The chip had to be retrieved now, while the cleanup was going on. Before anyone started nosing around.

“The situation is actually quite fascinating,” Kaufmann continued. “I thought we’d sufficiently wiped out all memories of the men’s prior lives. But obviously one of them recognized that the helicopter was an old military model, complete with weapons. A prior mission’s order must have interfered with our programming, causing one or more of the men to convince the others that stealing the helicopter and using it to kill Susana Dias fell within the parameters of their current mission.”

The scientist hummed thoughtfully. “We’ve clearly underestimated the strength of our mind control protocol. After we gave them their mission commands, the subjects should not have been able to improvise. Particularly not regarding the use of deadly force. More tests will need to be run.”

Jamieson twisted his handkerchief into a noose. “Forget your damn research. We’re facing a real risk of exposure. Susana Dias is the host of a popular television show on the Adventure Channel,” he explained with what he considered commendable patience. “The film crew was on site. Even if the Brazilian government doesn’t investigate, the network executives are bound to go to our government and demand an accounting of what happened. Are you beginning to see the size of the problem you’ve created? This isn’t something we can easily brush under the carpet.

“Plus, Susana Dias is still alive and running free in the jungle somewhere. Tonelli hasn’t checked in, so we can’t count on him bringing us the microchip. And your men are so unstable, they’re likely to destroy both Dias and the chip. That’s if they catch her before Paterson takes her back to the SSU!”

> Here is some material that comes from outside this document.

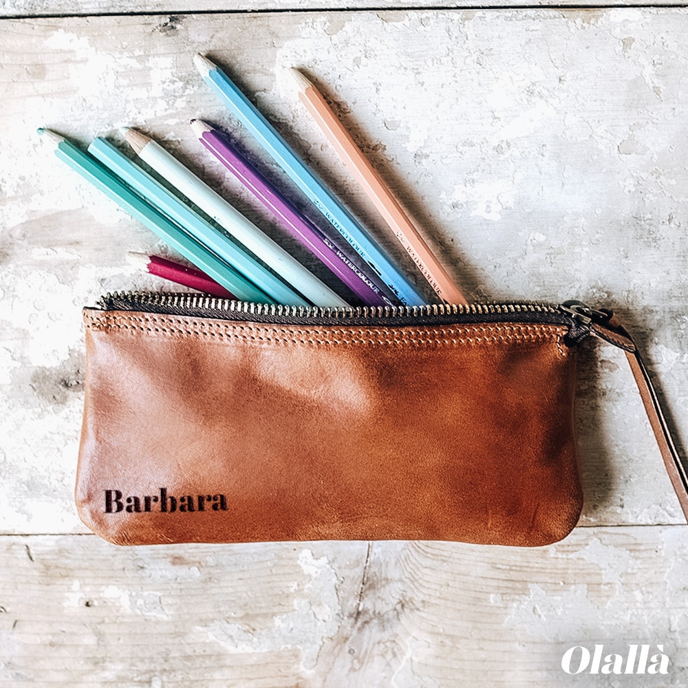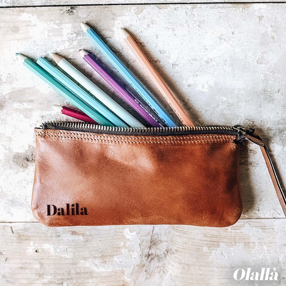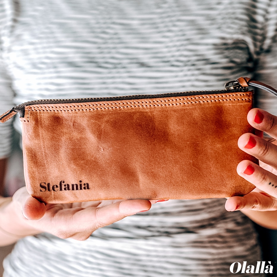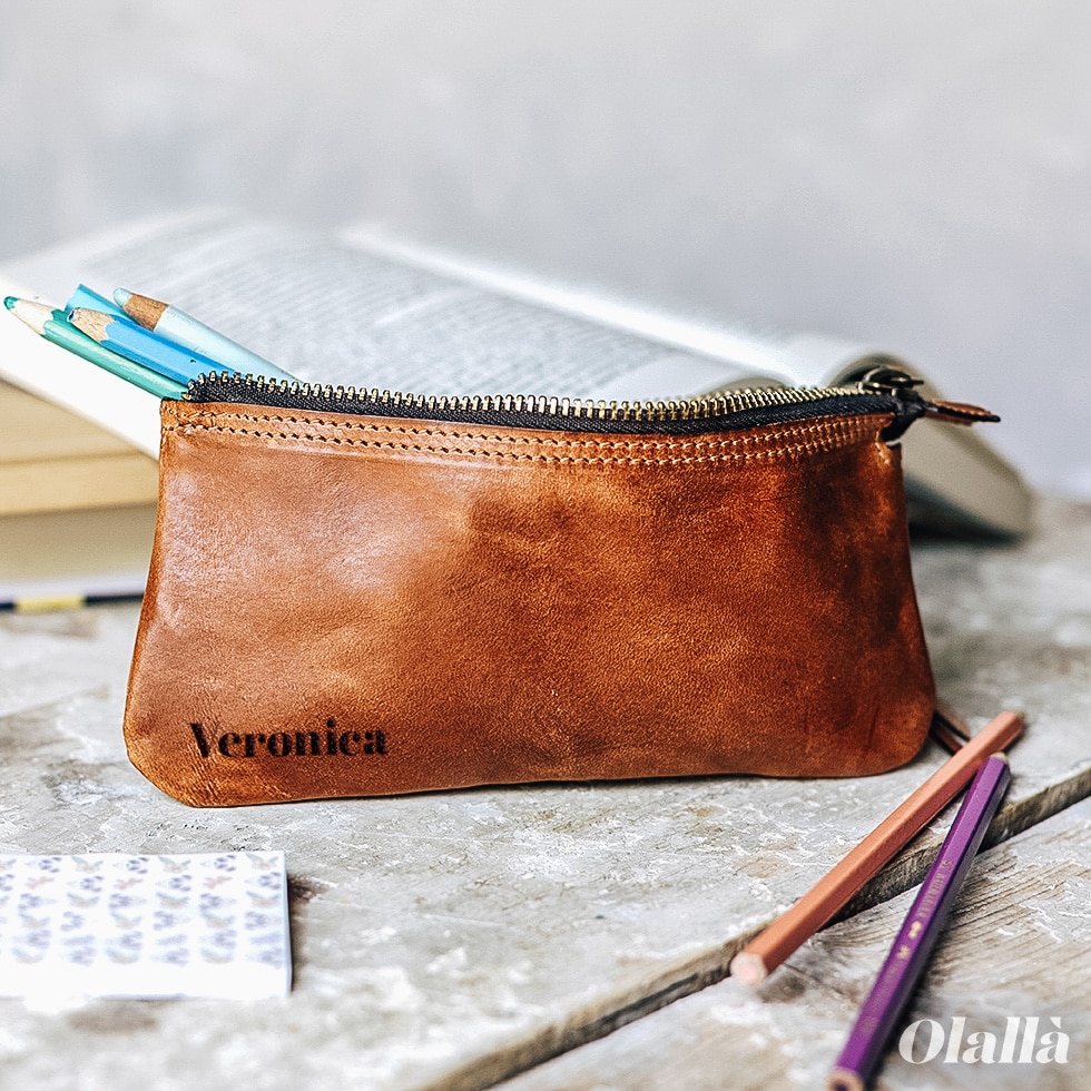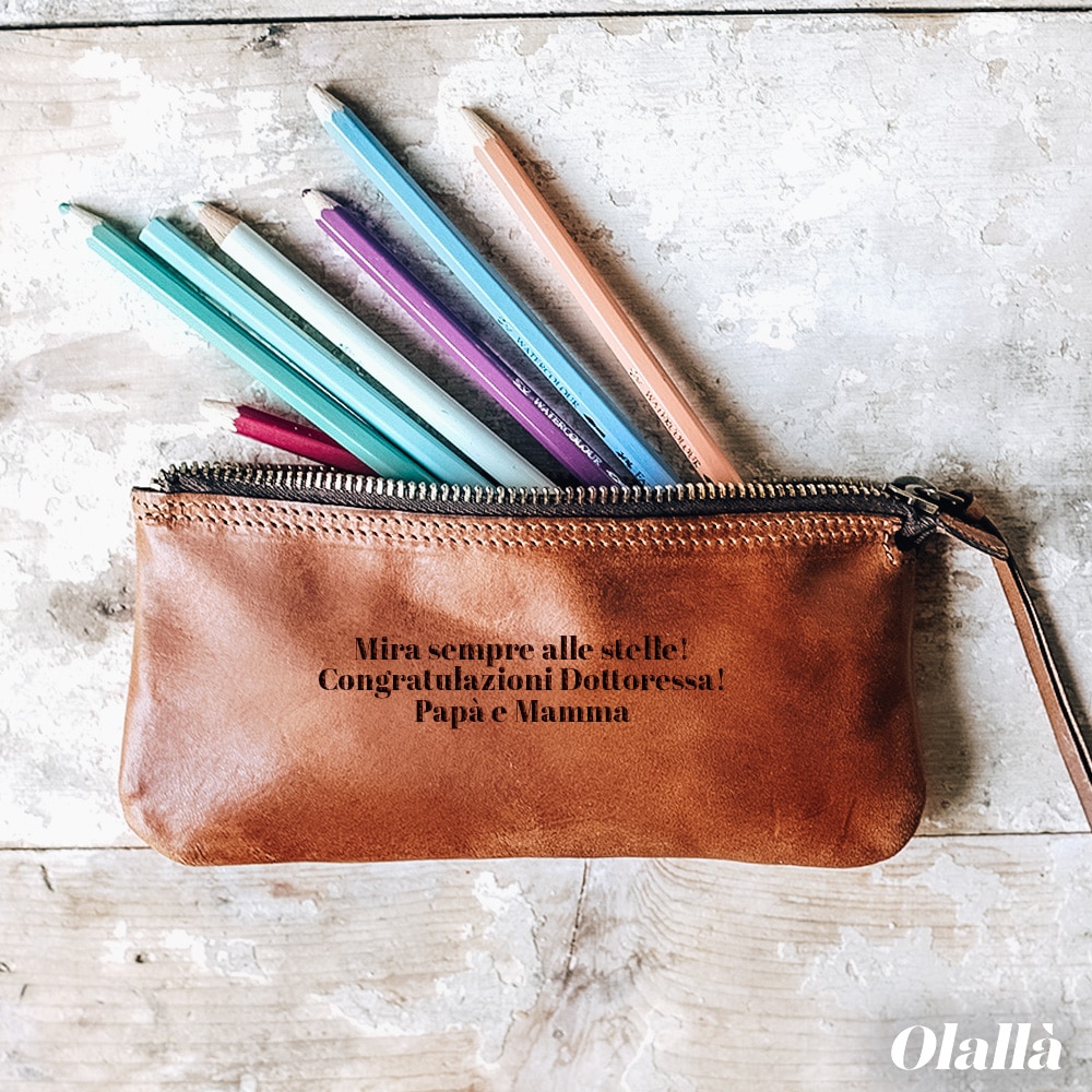 Astuccio portapenne made in Italy realizzato artigianalmente con pelle italiana. Chiusura con zip in metallo color bronzo. Personalizzabile con la tua frase incisa in maniera indelebile.

But that wasn’t even the worst of it. The imbecile on the other end of the telephone didn’t understand the fine line Jamieson walked in order to keep his position of power.

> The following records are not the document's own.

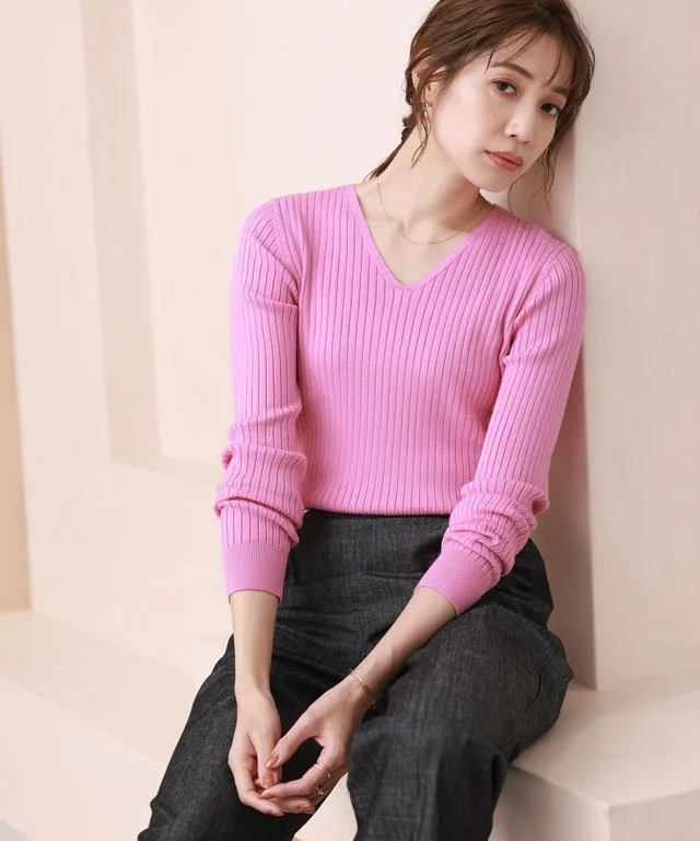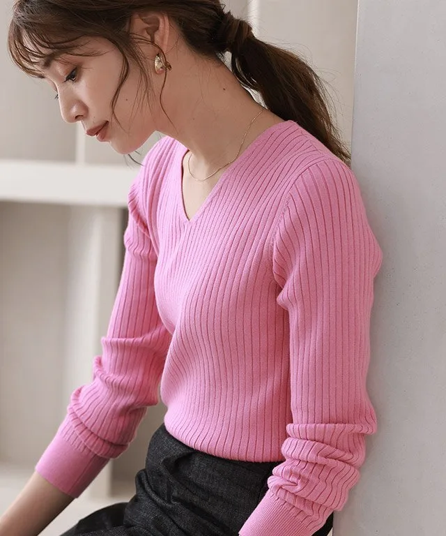 [V-образный вырез] Слегка открытый вырез подчеркивает декольте. Тщательно скроенный, полностью вязаный вырез создает изысканное, роскошное впечатление.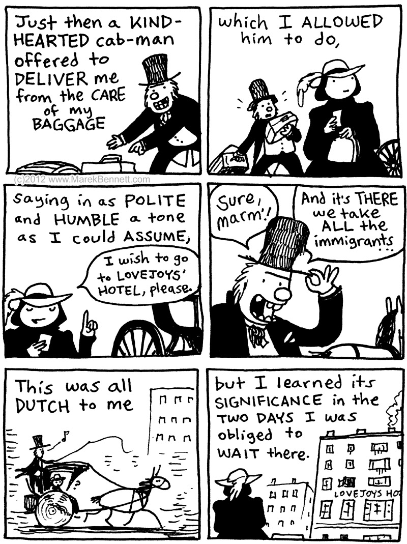 Hansom cabs were still novelties in New York of the early 1860s.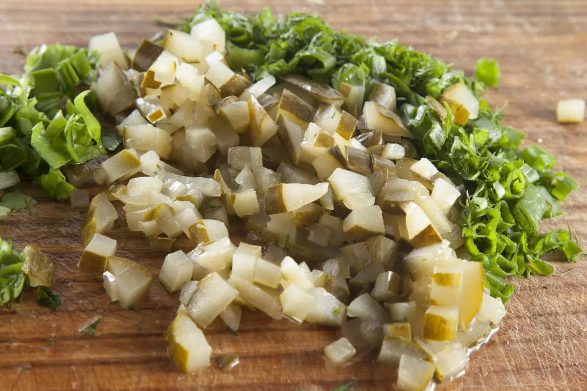 Хрустящий соленый или маринованный огурчик мелко порежьте, укроп и лук порубите.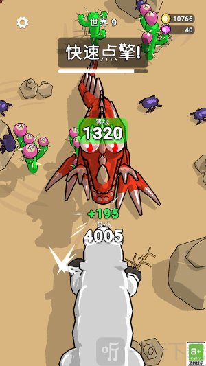 4.遇到关卡大BOSS,不要怕,等级没有差多少,快速点击屏幕,发射远程攻击,击败它获得胜利。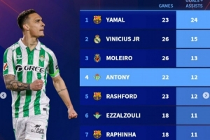 體育資訊3月12日訊 德轉盤點了本賽季西甲邊鋒位置球員在聯賽中參與進球榜,其中亞馬爾居首,具體榜單如下(進球+助攻):

He stared at a print of the Mona Lisa hanging to the left of his desk, barely aware he was gripping the phone receiver so hard, his knuckles had turned the color of his preferred vanilla ice cream. He’d always thought that Mona Lisa was a woman who possessed many secrets and knew how to leverage those secrets. That she smiled because she’d recently completed a successful power play. Right now, he wished he had so subtle an ally.

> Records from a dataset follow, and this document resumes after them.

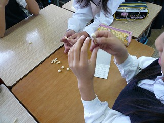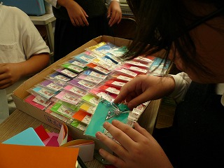 | 商品の値段も相談しました。 「ひょうたん飾り」は,200円。 「ヘチマたわし石けんセット」は,150円。 「幸せを呼ぶストラップ」は,100円。 準備を整えて,いよいよ販売にいきました。 |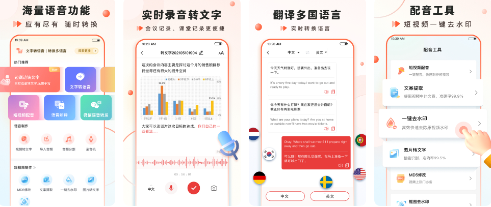 用户身边的好帮手,可实现语音、文字、音频、图片四方面的相互转化功能,转化结果保存后用户可随时进行编辑,直到成品满意为止。后续还可以一键分享到其他app,非常的方便。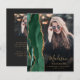 Este anúncio de graduação de 2025 apresenta uma borda geodórica de agata de cor d'água em tons de verde esmeralda com realces falsos de brilho dourado. O primeiro nome do formando aparece como uma camada elegante de escrita manual dourada em uma foto vertical, juntamente com o sobrenome, a escola e o ano de aula em letra de impressão. Um filtro de gradiente preto ajuda o pop de texto. Uma segunda foto horizontal aparece no verso, juntamente com o anúncio e os detalhes em texto dourado sobre fundo preto escuro.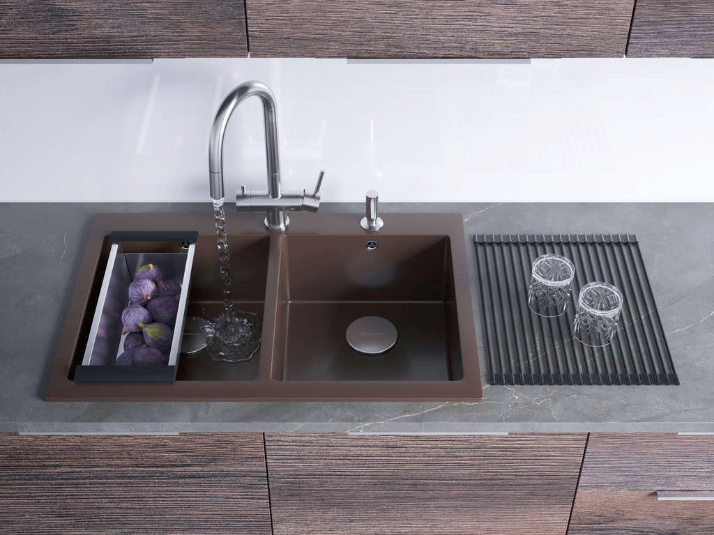 Мойка Omoikiri BOSEN 80-2 отливается из искусственного гранита TetoGranit. Модель предусматривает в себе две объемных чаши, что обеспечивает комфорт эксплуатации. Например, в одной можно замачивать посуду, а в другой споласкивать тарелки или продукты. На удобном уступе можно разместить смеситель, дозатор и другие полезные аксессуары. Материал поверхности устойчив к перепадам температур, образованию сколов и царапин, что гарантирует долговечность использования раковины.
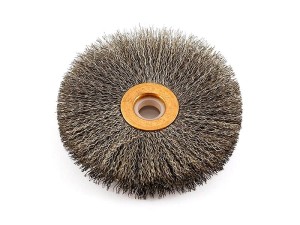 Szczotka druciana przeznaczona do usuwania gumy otaczającej stalowe kable opony.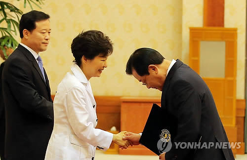 ▲박근혜 대통령이 18일 오전 청와대에서 이병기 국가정보원장에게 임명장을 수여하고 있다.(사진=연합뉴스)

Dr. Kaufmann didn’t understand the meaning of the words nuance and subtlety. Genius hadn’t given the scientist the ability to understand that sometimes the obvious move was the wrong move for many hidden, yet critical reasons.

“Tell me again why you sent Rafael Andros after Dias,” Jamieson demanded.

“We need to test the power of our imprinting with this latest batch of drugs. Adros proved to be a very hard subject to get under control initially. He’s made satisfactory progress since then, but only a real-world test can prove whether this formula is worth continuing.”

The pride in Dr. Kaufmann’s voice annoyed Jamieson. The scientist clearly had no clue they were on the brink of being exposed. Arrested. Tried for murder. Not just for the attack on Dias’s dig. But for the deaths of Andros’s teammates and all the unmourned former soldiers and law enforcement agents who had entered Kaufmann’s lab and been buried anonymously.

If Andros broke free of his conditioning and returned to the SSU, he could expose Kaufmann’s program. Andros knew names. He could recognize faces.